## [PROBLEM STATEMENT]
Leave out pictures; repeat exactly the lines from the "Önemli olarak, son" line through the last of the data below.

------ DATASET EXCERPTS ------

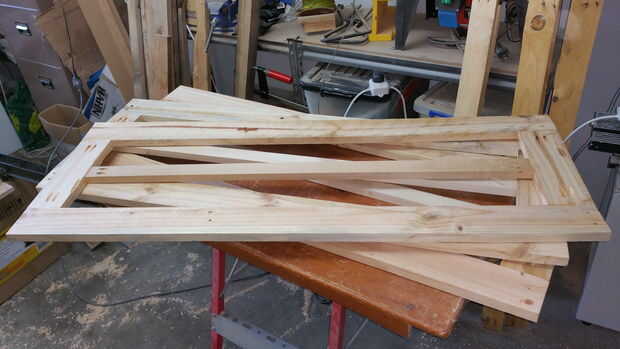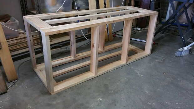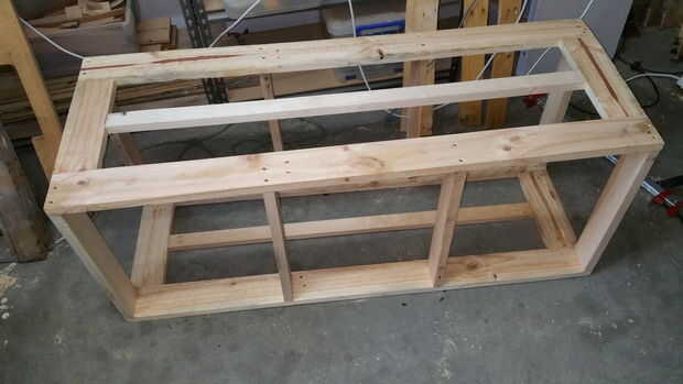 Montar el cuerpo más grande con 2 de los marcos y 8 espaciadores. Fijar todo en su lugar y pegados y atornillados en de la parte superior e inferior para guardar tornillos de bolsillo. Estos se ocultarán una vez se agregan las tablas.
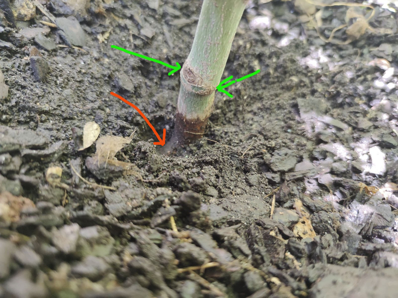 Soit il est greffé et la greffe est dans le substrat , dans ce cas ton érable est planté trop profond. Ecarte le paillis autour du tronc , gratte sur 1 ou 2 cm (ça ne lui fera aucun mal) et refaits des photos pour vérifier.
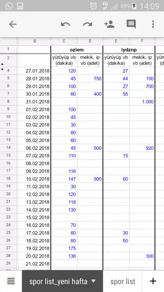 Haftasonu da hep evdeydim. Daha evvel de egzersizlerin not edildiği excel dosyasına erişemiyordum, paylaşımımda bir sorun vardı. Linki tekrardan istemiştim.
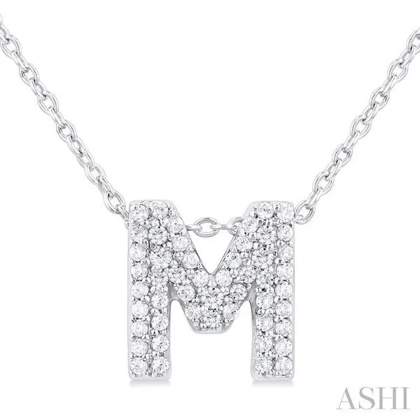 1/6 Ctw Bubble Accent Initial 'M' Round Cut Diamond Fashion Pendant With Chain in 10K White Gold Adler's Diamonds Saint Louis, MO
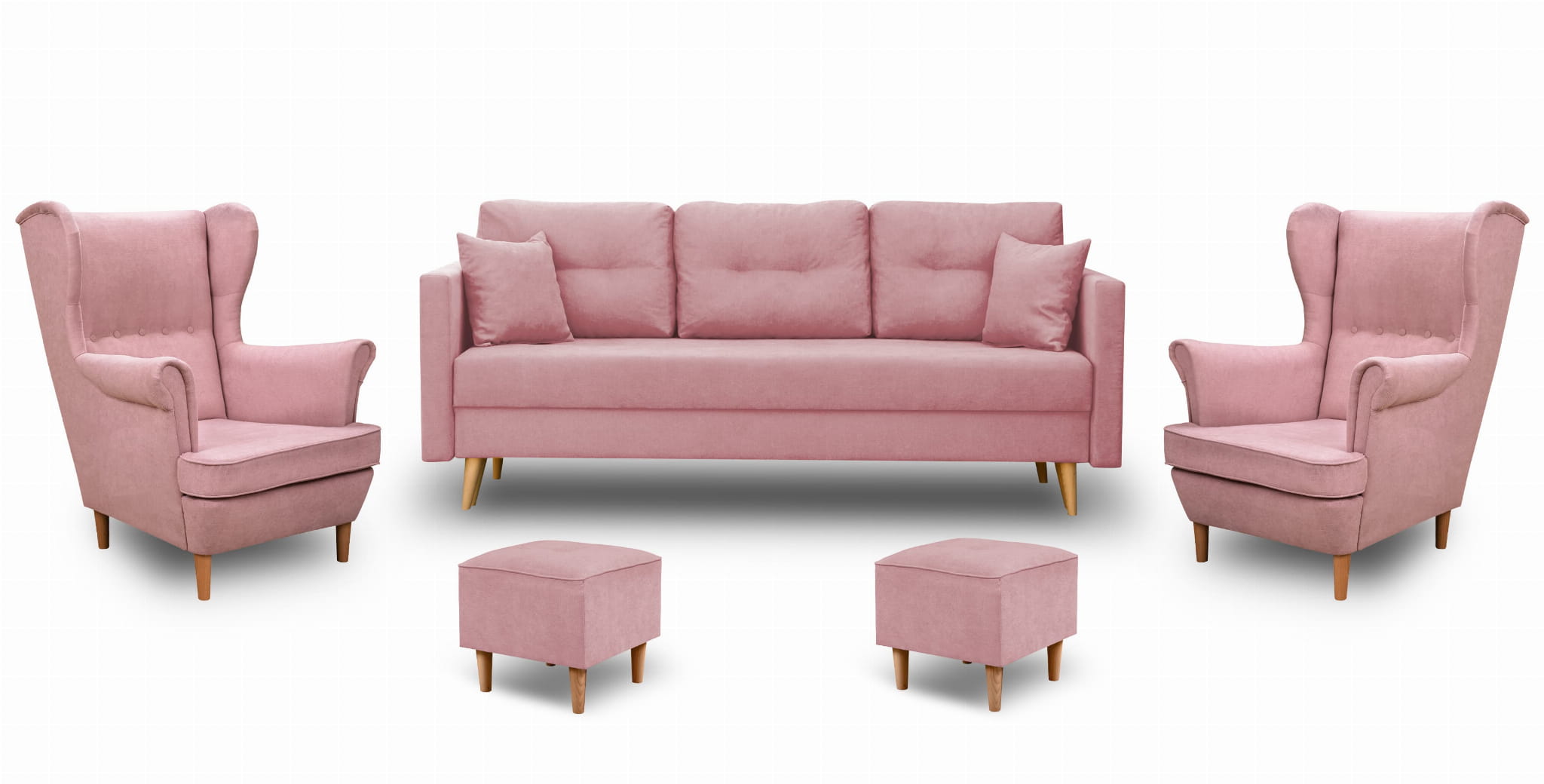 Skandinávská sedací souprava + 2 křesla s podnožkami Růžová
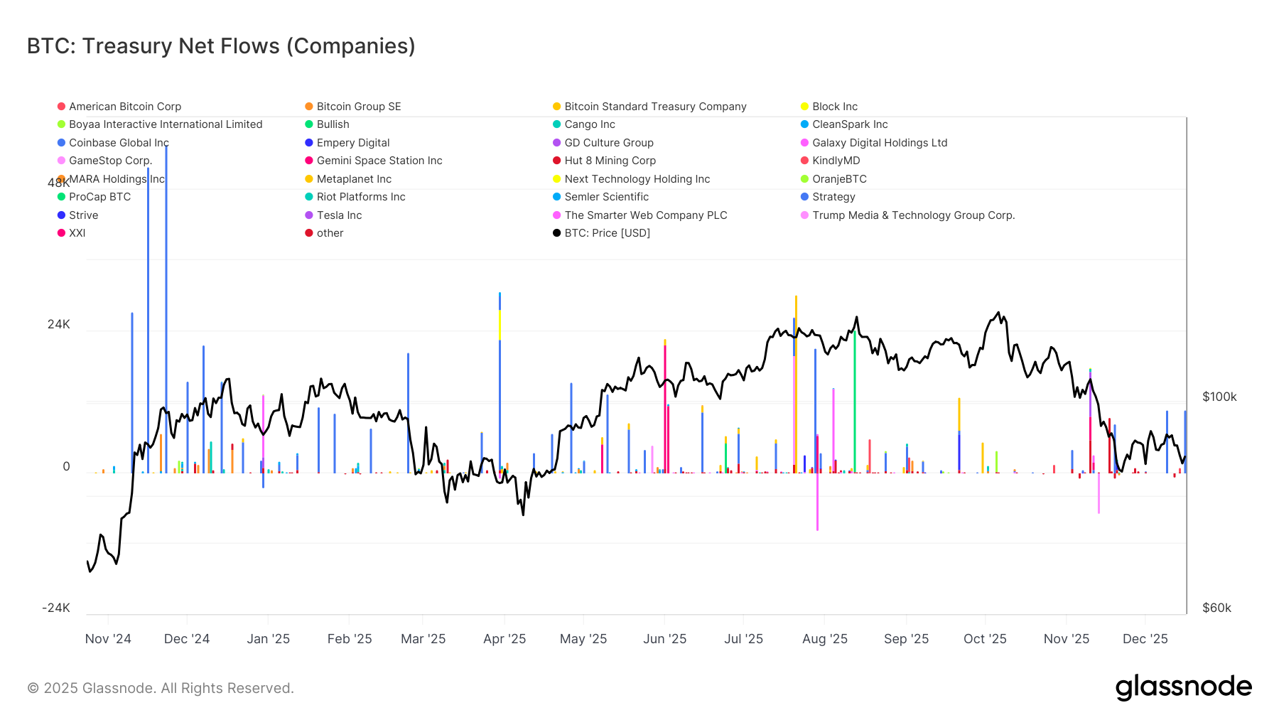 Önemli olarak, son fiyat zayıflığı, hazine birikiminde koordineli bir artışı tetiklemedi; bu da çoğu şirketin disiplinli ve fiyata duyarlı kaldığını gösteriyor. Sonuç olarak, kurumsal hazineler başlık akış oynaklığına katkıda bulunuyor ancak henüz güvenilir, döngü genelinde yapısal bir talep kaynağı olarak hareket etmiyorlar.
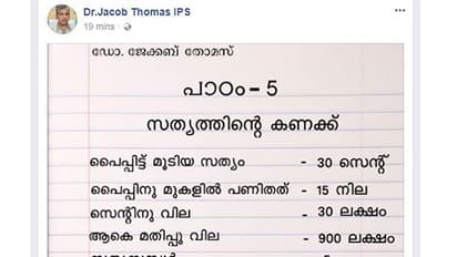 സത്യത്തിന്റെ മുഖം സ്വീവേജ് പൈപ്പുപോലെ എന്നാണ് ജേക്കബ് തോമസ് കുറിച്ചിരിക്കുന്നത്.
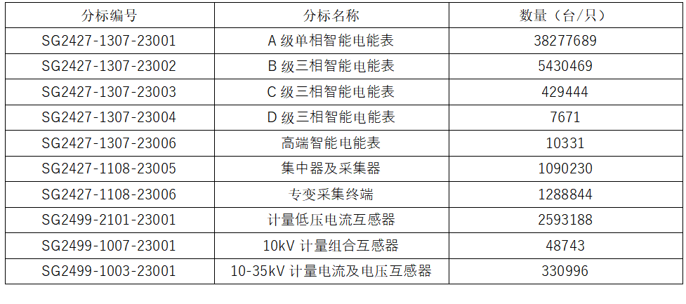 2024年2月23日,國家電網發布了2024年第十五批采購(營銷項目第一次計量設備招標采購)招標公告及2024年新增第八批采購(營銷項目第一次計量互感器招標采購)招標公告,兩份招標合計采購設備分為10大類,如下:

------

## [EXERCISE ANSWER]
 Önemli olarak, son fiyat zayıflığı, hazine birikiminde koordineli bir artışı tetiklemedi; bu da çoğu şirketin disiplinli ve fiyata duyarlı kaldığını gösteriyor. Sonuç olarak, kurumsal hazineler başlık akış oynaklığına katkıda bulunuyor ancak henüz güvenilir, döngü genelinde yapısal bir talep kaynağı olarak hareket etmiyorlar.
 സത്യത്തിന്റെ മുഖം സ്വീവേജ് പൈപ്പുപോലെ എന്നാണ് ജേക്കബ് തോമസ് കുറിച്ചിരിക്കുന്നത്.
 2024年2月23日,國家電網發布了2024年第十五批采購(營銷項目第一次計量設備招標采購)招標公告及2024年新增第八批采購(營銷項目第一次計量互感器招標采購)招標公告,兩份招標合計采購設備分為10大類,如下:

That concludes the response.